Nina Glick-Schiller is a Visiting Scholar at the Zolberg Institute on Migration and Mobility. Dr. Glick Schiller joins Zolberg from the Max Planck Institute for Social Anthropology in Germany, where she is a Senior Research Partner. She is also an Emeritus Professor of Social Anthropology at the University of Manchester, U.K., and will hold a two- month residency in 2024 as Scholar of Excellence at CERC Migration and Integration at Toronto Metropolitan University.
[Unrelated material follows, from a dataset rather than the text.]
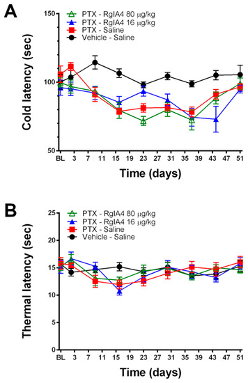 Painful neuropathies caused by oxaliplatin and paclitaxel share some commonalities of neuronal inflammation, altered ion-channel-expression and excitability of peripheral neurons, and dose-dependent severity [69]. However, while several cellular and molecular markers have been characterized in the development of these distinct neuropathies, the pathophysiology still remains poorly understood [72,73,74]. Previously, RgIA4 showed antinociceptive efficacy in oxaliplatin-treated rats with dosages as low as 0.128 μg/kg, compared to this study where effects did not become evident until 80 μg/kg [24,25]. In addition, RgIA4 showed a robust reversal of cold allodynia in these oxaliplatin models of CIPN. The reason for these differences is unknown. As such, the differential efficacy of RgIA4 in paclitaxel-treated animals, as compared to previously-reported oxaliplatin-treated animals, may provide a pharmacological tool that can help investigate the distinct, yet intertwining, disease progression between these two pathologies.

Since the beginning of her career, Dr. Glick Schiller’s research has focused on migrant settlement and transnational connections; cities, migrants, and urban regeneration; cosmopolitanism; and methodological and long-distance nationalism. While at Zolberg, her research, “Emplacing Dispossession: Migrant Services, the Migration Industry, and Urban Governance”, will examine the humanitarian sector of migrant services, settlement, and policy as an industry “integrally
related to processes of capital accumulation” through unpaid/exploitative labor, collective dispossession, and increasing
financialization.
Dr. Glick Schiller holds a PhD in Anthropology from Columbia University, was awarded honorary degrees from Erasmus University (Netherlands) and Malmo University (Sweden), and has held faculty, research or visiting scholar positions at the University of Manchester, the University of New Hampshire, Columbia University, Stockholm University, University of Vienna, and the Free University of Amsterdam among other institutions. In addition to her academic posts, Dr. Glick Schiller
founded and edited the journal Identities, Global Studies of Culture and Power from 1992-2000, served as Chair of the New York Academy of Sciences’ Anthropology section from 1991-1992 and again from 2017- 2018 and is an editor of Anthropological Theory. Her current book co- edited book project is The Transnationality of Migrant Moral Economies
in a Transforming World.
Her books include: Nations Unbound: Transnational Projects, Postcolonial Predicaments and the Deterritorialized Nation-States, Towards a Transnational Perspective on Migration: Race, Class, Ethnicity, and Nationalism Reconsidered, Georges Woke Up Laughing: Long Distance Nationalism and the Search for Home, Beyond Methodological Nationalism: Research Methodologies for Cross-Border Studies, Cosmopolitan Sociability: Locating Transnational Religious and Diasporic Networks, Whose Cosmopolitanism? Critical Perspectives, Relationalities and Discontent, Regimes of Mobility: Imaginaries and Relationalities of Power, Locating Migration: Rescaling Cities and Migrants; and Migrants and City Making: Dispossession, Displacement and Urban Regeneration.